Scheme of the two simulated scenarios depending on the number and type of the individuals evaluated (genotyped).

The efficiency of the second scenario was expected to be higher than that of the first scenario, as a larger number of evaluated individuals were available, and higher than that in the work by Toro et al. (1999) and Wang (2001) as selected individuals with lower mean coancestry produced more offspring to be evaluated than did those highly related with the rest of the population (it would be not very likely to select many offspring from that individual).

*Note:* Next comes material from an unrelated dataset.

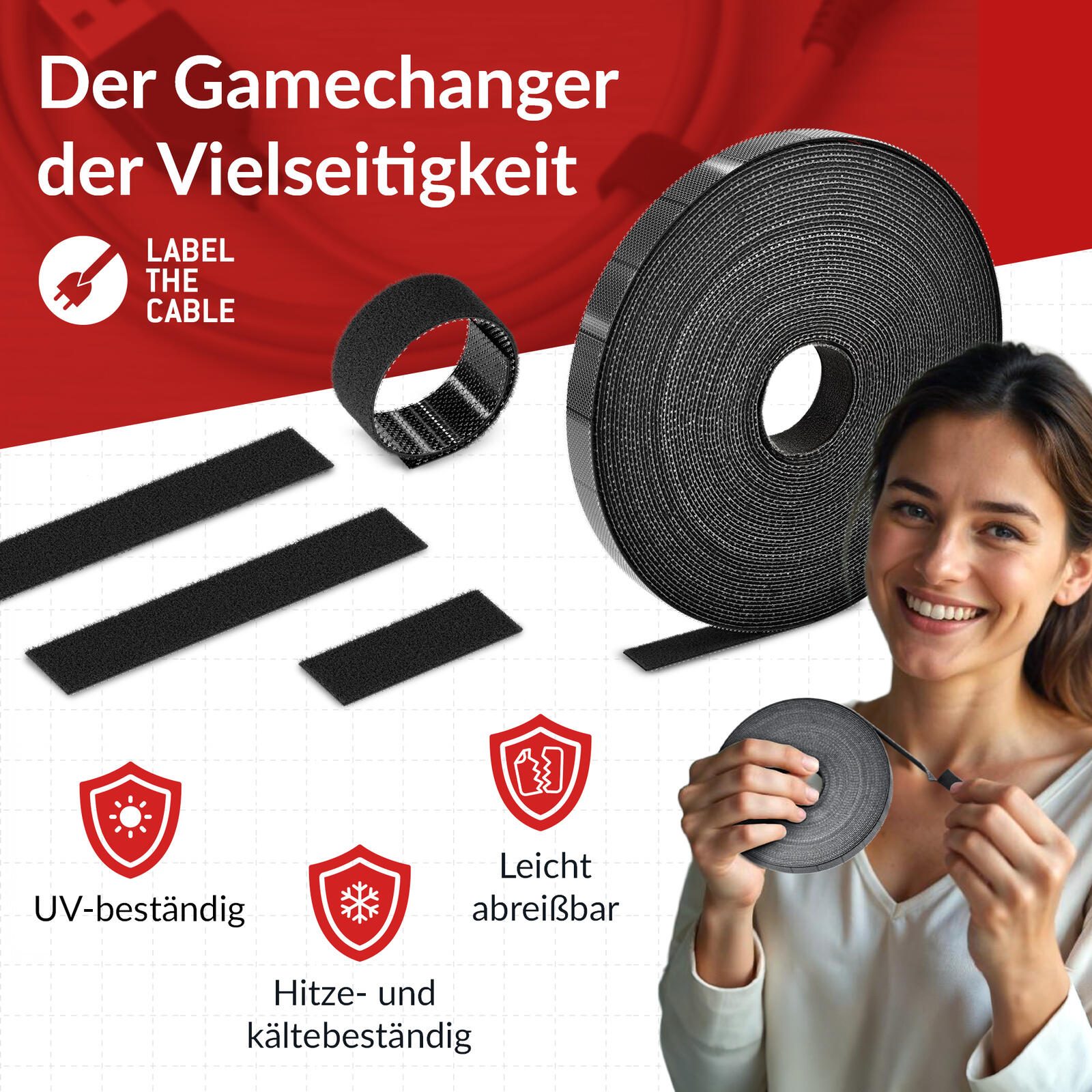 Die LABEL THE CABLE RIP STRAPS revolutionieren das Kabelmanagement mit praktischer Handhabung und vielseitigen Einsatzmöglichkeiten. Das doppelseitige Klettband (15 mm breit und 3 m oder 10 m lang) ist der perfekte Helfer für Ordnung im Büro, zu Hause, in der Werkstatt, beim Camping, im Garten, oder unterwegs - überall dort, wo Kabel, Werkzeuge, Ausrüstung, oder Pflanzen organisiert werden müssen.
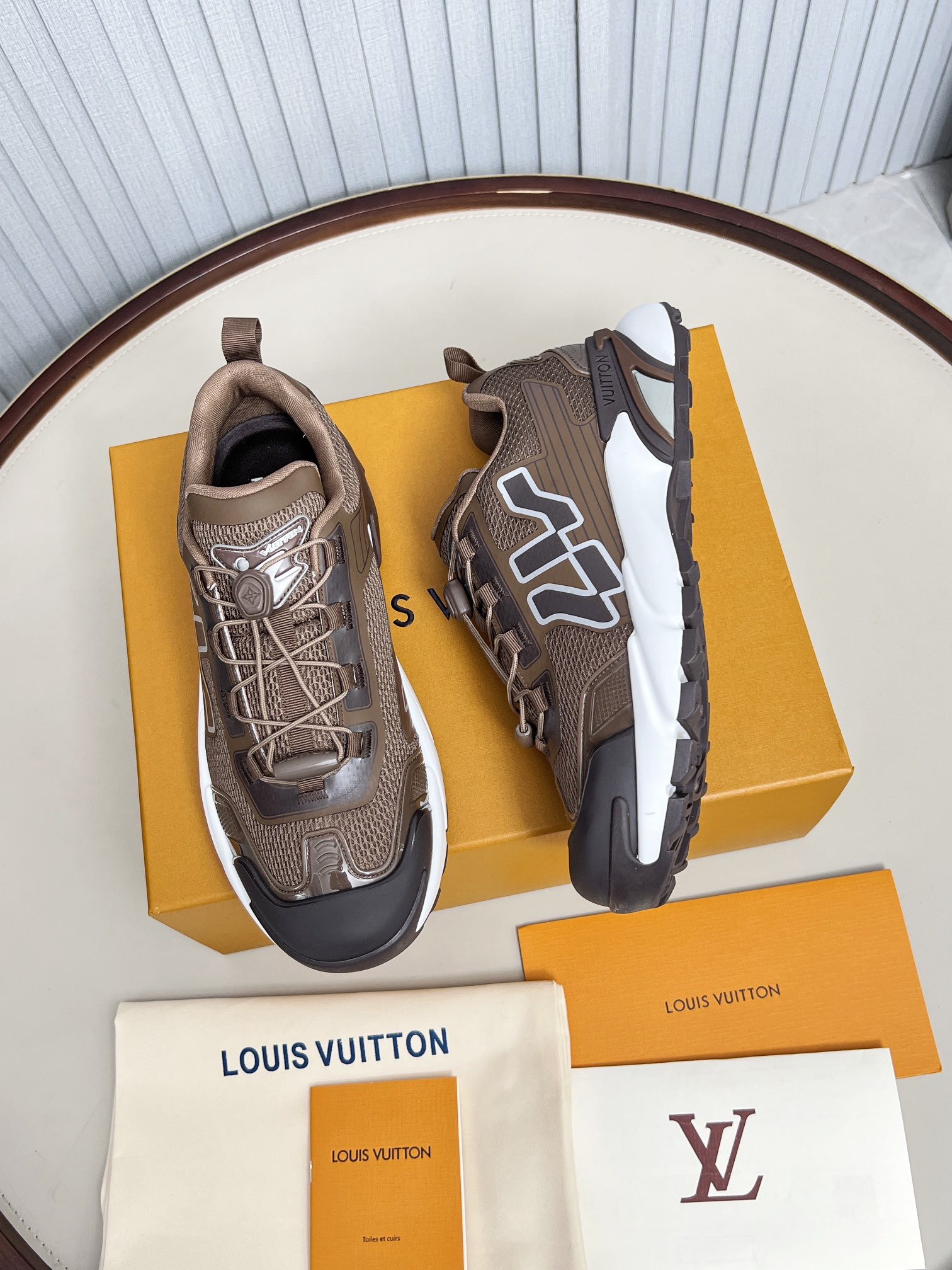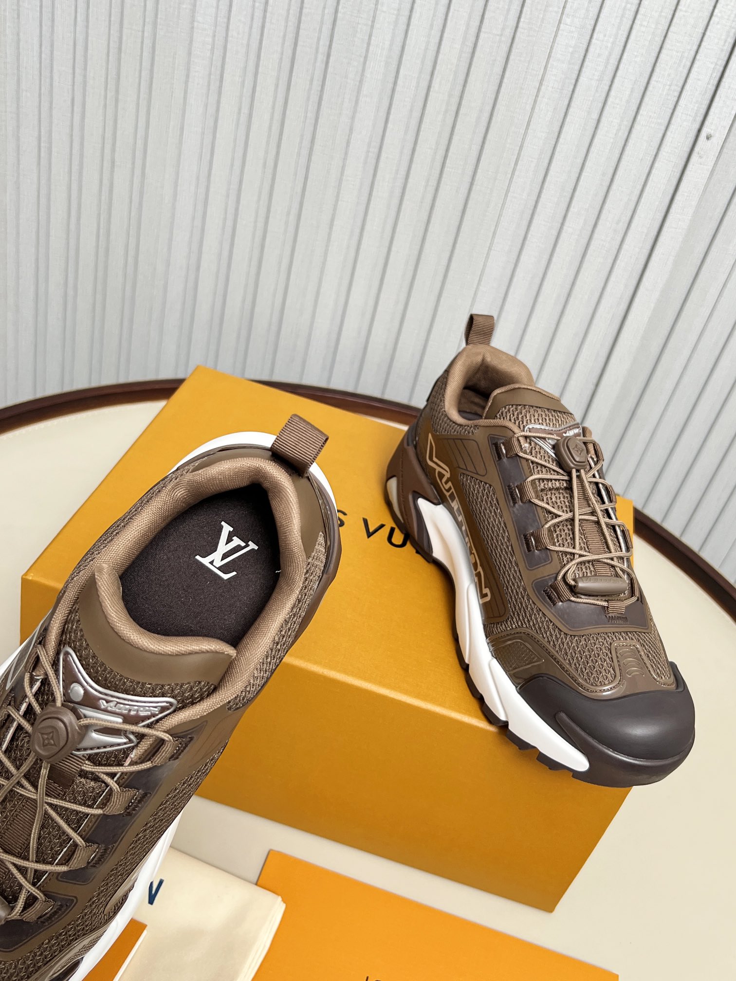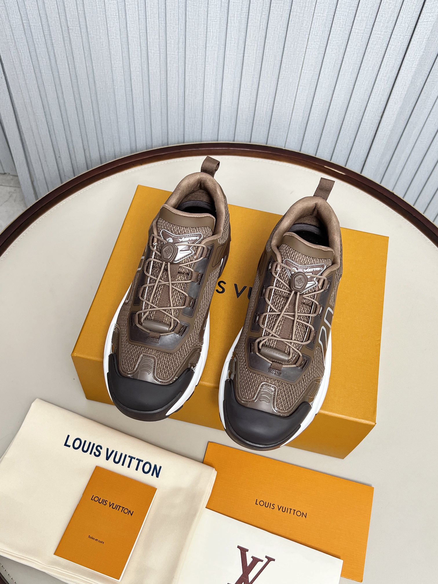 這款鞋子是AAAAA 1:1 質量(非常棒). 使用了和原版一模一樣的材料. 商標部分也保持了和路易威登/Louis Vuitton一樣. 圖片拍攝是實物鞋子拍攝, 您所收到的實物保證和我們圖片一模一樣.

Information used for computing coancestry:

Different strategies were evaluated and named according to the type of coancestry used in the optimization.

Pedigree (f_P):

Coancestries were calculated from the genealogy only, including unmanaged generations in the scenarios where they were simulated. This represented the expected IBD for the whole genome.

Molecular (f_M):

Coancestries were calculated from marker information only. Molecular coancestry between two individuals is defined in a similar way to Malecot's definition but referring to identity by state (IBS), which is the probability that two alleles, taken at random from the same locus in two individuals, are equal. Values were averaged across marker loci.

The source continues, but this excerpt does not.